# DATA SHOWN
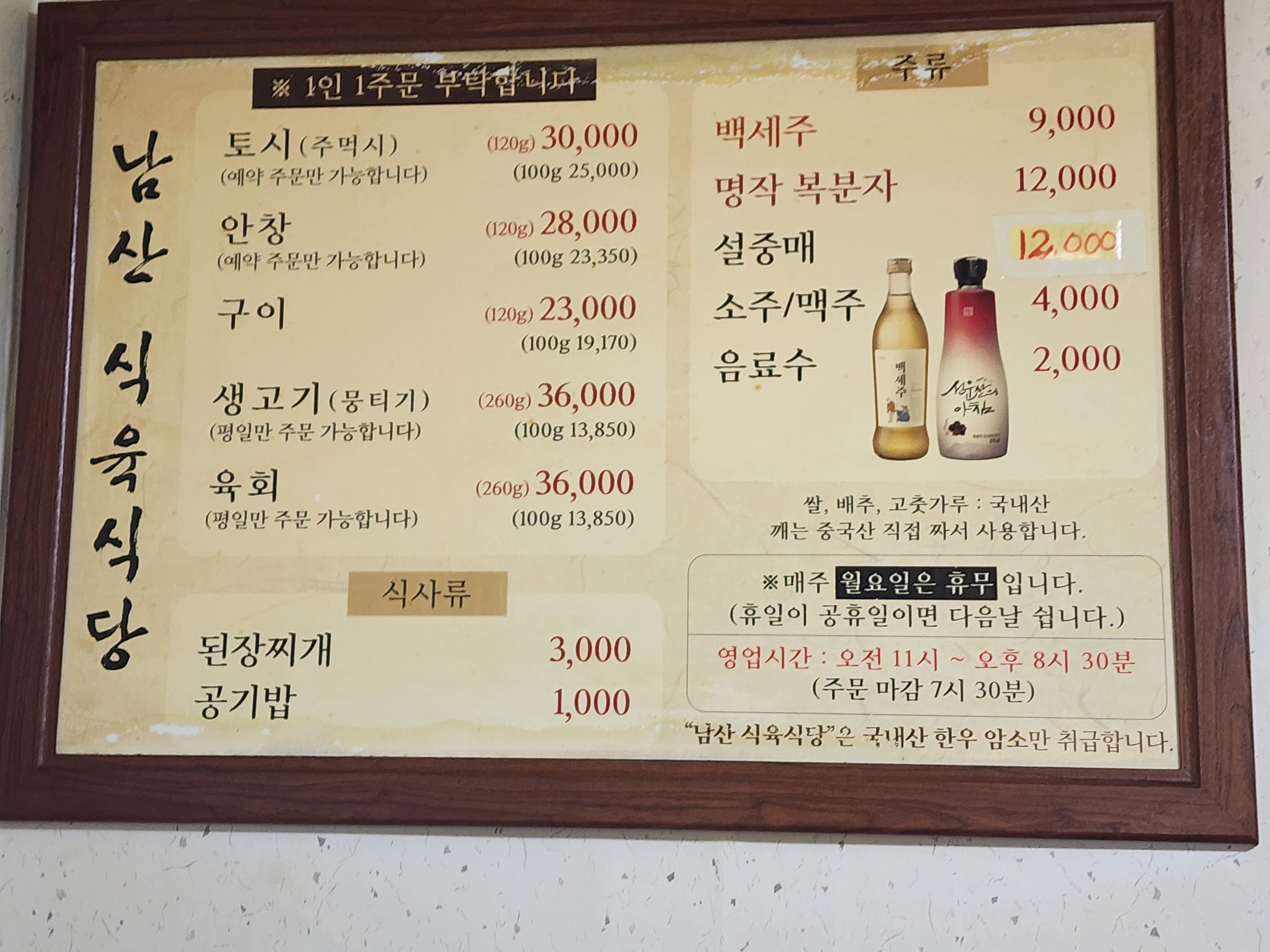 이 식당은 예약이 불가능하며, 방문 대기하여야 한다. 남산식육식당에서는 소고기를 따로 구매할 수도 있다.
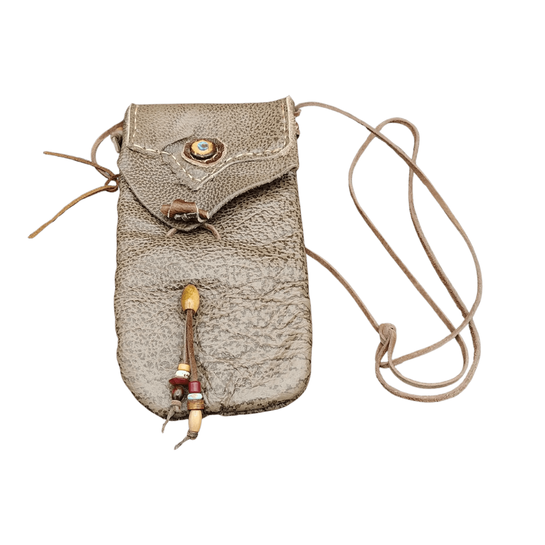 This particular pouch is made out of a variety of mostly taupe colored leather, with a touch of blue, orange, purple, and some earth tones as well. This leather pouch is truly unique. Each one is handmade; therefore, it's one of a kind.
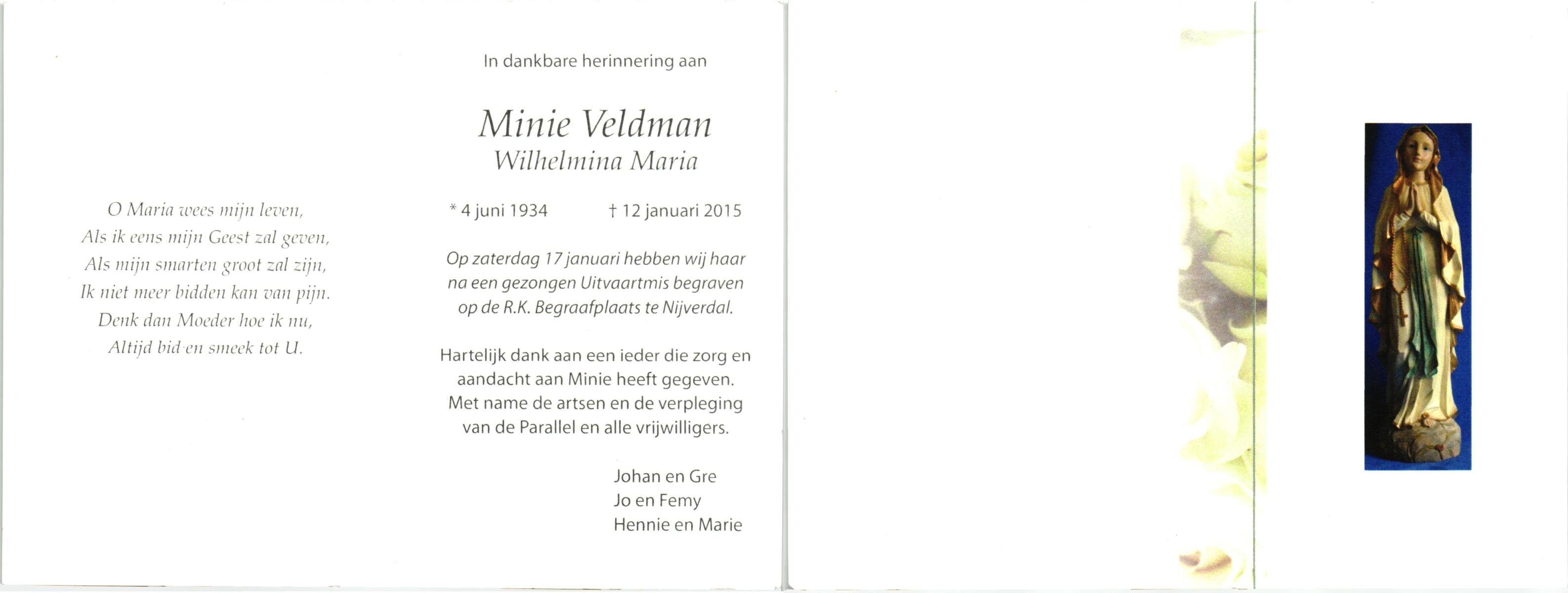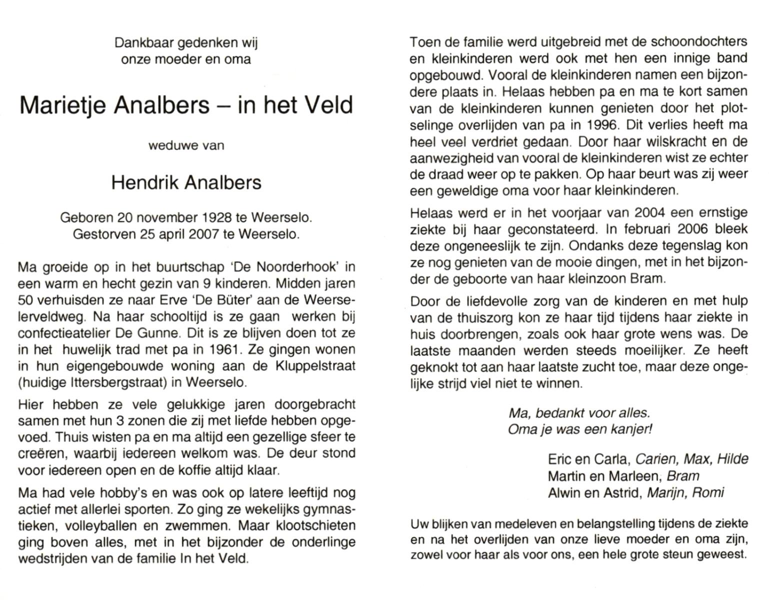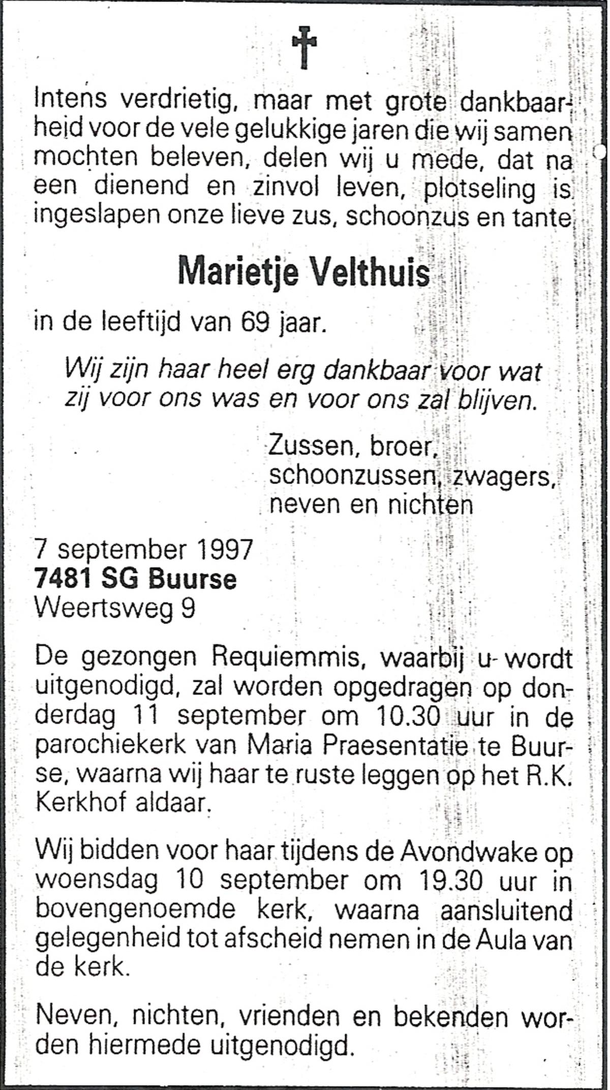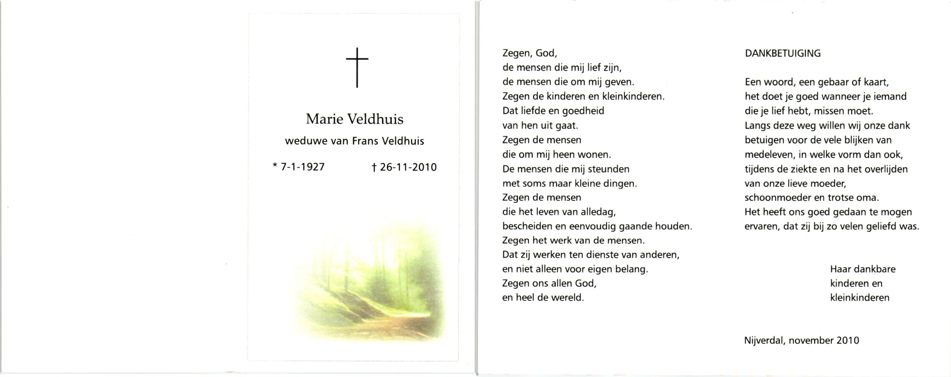 VELD, in het, Marietje, geboren op 20-11-1928 te Weerselo, overleden op 25-4-2007 te Weerselo op 78-jarige leeftijd.
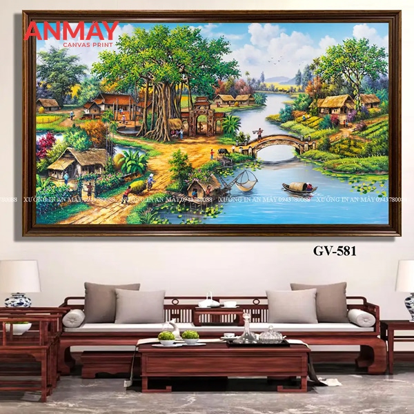- Khung tranh chắc chắn, dễ treo: Căng vải trên khung gỗ thông tự nhiên, bọc ngoài bằng khung nhựa UBicon bản 7cm màu vân gỗ. Thiết kế không dùng kính, không lót ván ép – đảm bảo tranh nhẹ, thông thoáng, không lo mốc hay bong tróc.
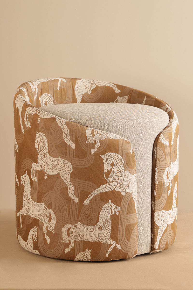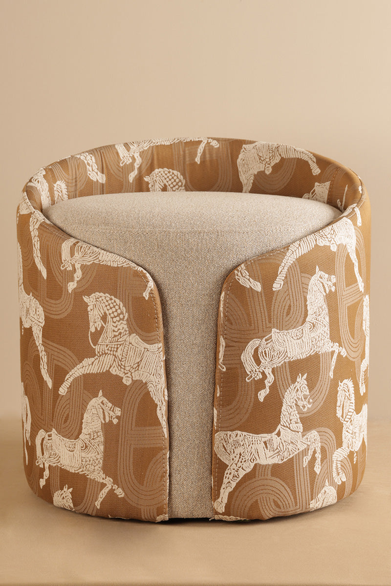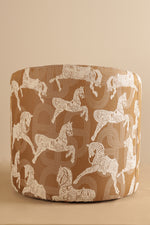 A chic barrel-style ottoman featuring a soft, rounded form with a neutral cushioned seat, wrapped in a striking horse-print fabric that adds playful character and artistic charm to any room.
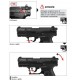 Este modelo de pistola detonadora está fabricada en metal y fibra sintética de alta calidad. La corredera está diseñada en níquel. Incorpora un cargador metálico con capacidad para 7 cartuchos de fogueo, así como un gatillo de simple y de doble acción. En este sentido, la pistola ofrece las mismas características de manejo y operación que la pistola original.
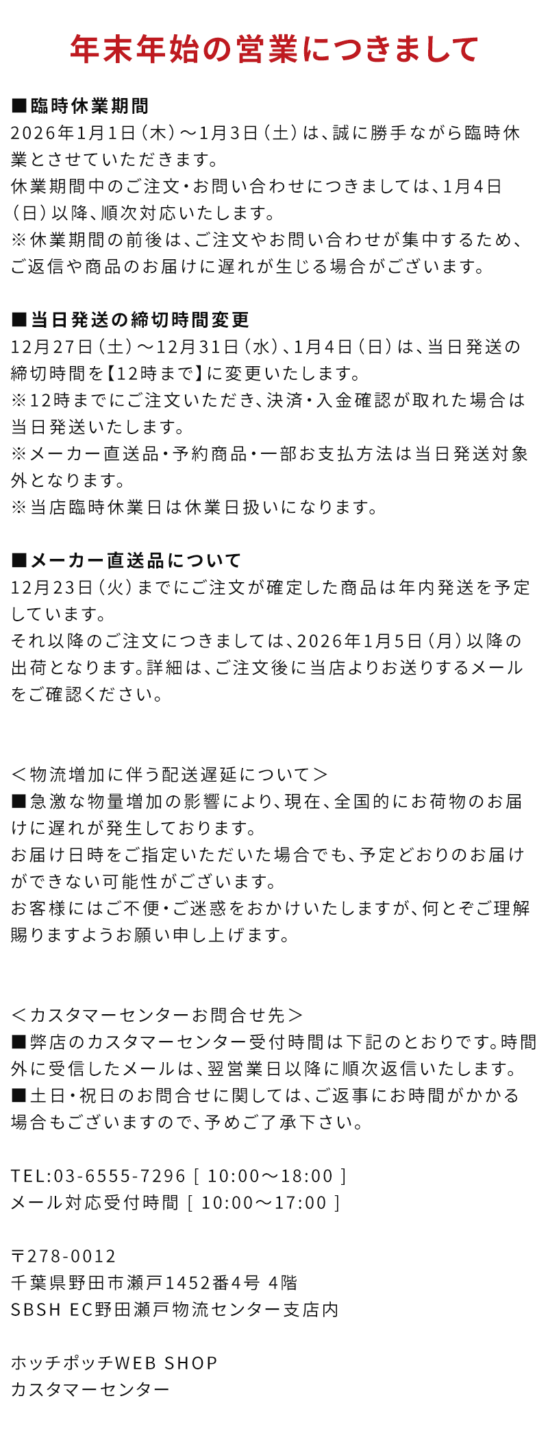 2026年1月1日(木)〜1月3日(土)は臨時休業とさせていただきます。12月27日〜31日、1月4日の当日発送の締切時間は【12時】に変更になります。

# TASK DETAILS
Exactly repeat the material from its first line through the line with "A chic barrel-style", including both, and leave the pictures and everything else out.

# THE ANSWER
 이 식당은 예약이 불가능하며, 방문 대기하여야 한다. 남산식육식당에서는 소고기를 따로 구매할 수도 있다.
 This particular pouch is made out of a variety of mostly taupe colored leather, with a touch of blue, orange, purple, and some earth tones as well. This leather pouch is truly unique. Each one is handmade; therefore, it's one of a kind.
 VELD, in het, Marietje, geboren op 20-11-1928 te Weerselo, overleden op 25-4-2007 te Weerselo op 78-jarige leeftijd.
- Khung tranh chắc chắn, dễ treo: Căng vải trên khung gỗ thông tự nhiên, bọc ngoài bằng khung nhựa UBicon bản 7cm màu vân gỗ. Thiết kế không dùng kính, không lót ván ép – đảm bảo tranh nhẹ, thông thoáng, không lo mốc hay bong tróc.
 A chic barrel-style ottoman featuring a soft, rounded form with a neutral cushioned seat, wrapped in a striking horse-print fabric that adds playful character and artistic charm to any room.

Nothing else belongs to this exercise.